HIV-DSP presents with predominantly symmetrical signs of distal sensory loss and reduction or loss of ankle reflexes. Symptomatic HIV-DSP reflects the involvement of both small and large sensory nerve fibers and includes distal painful dysesthesias, allodynia, severe burning pain, pins and needles, and numbness [
1,
2]. These symptoms usually begin in the feet and may progress bilaterally up the legs and to the arms in severe HIV-DSP.

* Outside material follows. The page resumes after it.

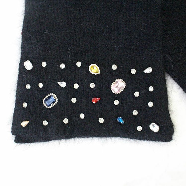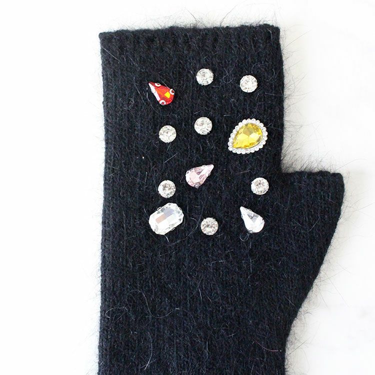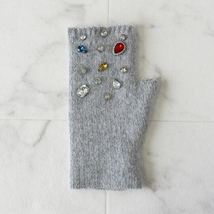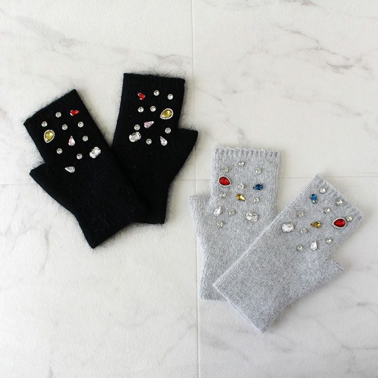 ビジュー付きフィンガーレスタイプニットグローブ
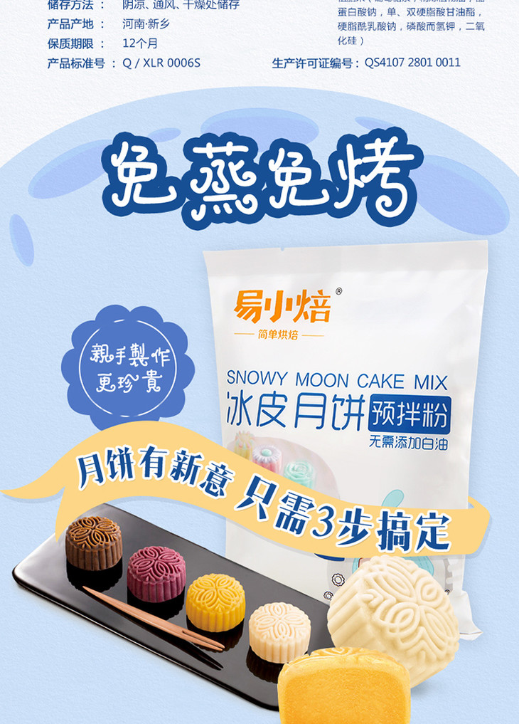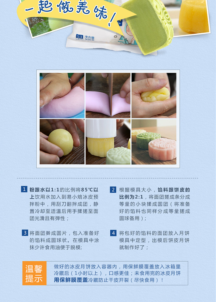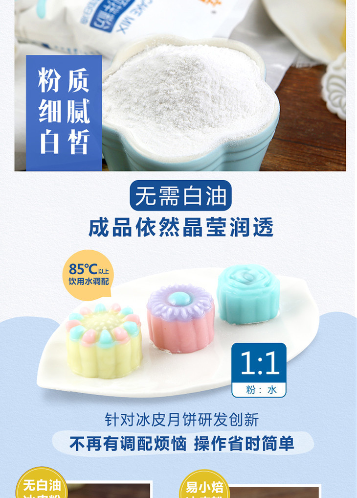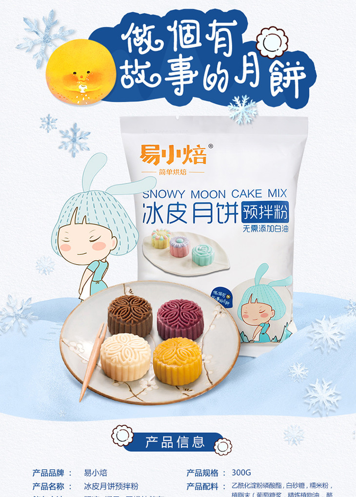 易小焙冰皮月饼粉300g 制作材料套装 自制 月饼预拌粉免蒸

In a recent US study, 881 of 1,539 (57%) individuals infected with HIV showed evidence of HIV-sensory neuropathy, which encompasses HIV-DSP caused by the virus and toxic DSP due to dideoxynucleoside antiretroviral therapy [
3]. Of those with DSP, 38% reported neuropathic pain [
4]. Very few neuropathic pain treatments, however, have demonstrated efficacy in clinical trials for patients with HIV-associated neuropathy. For example, the tricyclic antidepressant amitriptyline [
5], the anticonvulsant pregabalin [
6], and topical treatments such as lidocaine [
7] and low-dose (0.075%) capsaicin cream [
8] have all failed to show significant pain relief when compared with controls. By contrast, three small, randomized, placebo-controlled studies showed that smoking cannabis reduced daily pain compared with smoking identical placebo cigarettes from which the cannabinoids had been removed [
9‐
11]. Other neuropathic pain therapies such as duloxetine and venlafaxine have not been studied in patients with HIV-DSP [
12] while the results of a single published study investigating opioid use among patients with HIV suggested those receiving opioids experienced more pain than those patients who did not receive opioids [
13]. Furthermore, many of these agents, which are not approved by the Food and Drug Administration or the European Medicines Agency, are associated with unwanted side effects and burdensome treatment regimens [
12]. Sedation and dizziness are common adverse events (AEs) associated with gabapentin and pregabalin, whereas nausea can be common with duloxetine [
12]. Gabapentin and pregabalin also require slow dose titration, as does amitriptyline [
12]. In addition, cumbersome regimens must be followed for treatment with lidocaine patches and low-dose capsaicin creams; the lidocaine patch is licensed to be worn for 12 hours followed by a 12-hour treatment break [
12], and capsaicin cream requires application several times a day [
8]. A recent systematic review of randomized controlled studies concluded that evidence of efficacy exists only for capsaicin 8%, smoked cannabis, and recombinant-human nerve growth factor (rhNGF) [
14]. However, rhNGF did not demonstrate evidence for the expected nerve fiber regeneration [
15] and was not developed further for clinical use.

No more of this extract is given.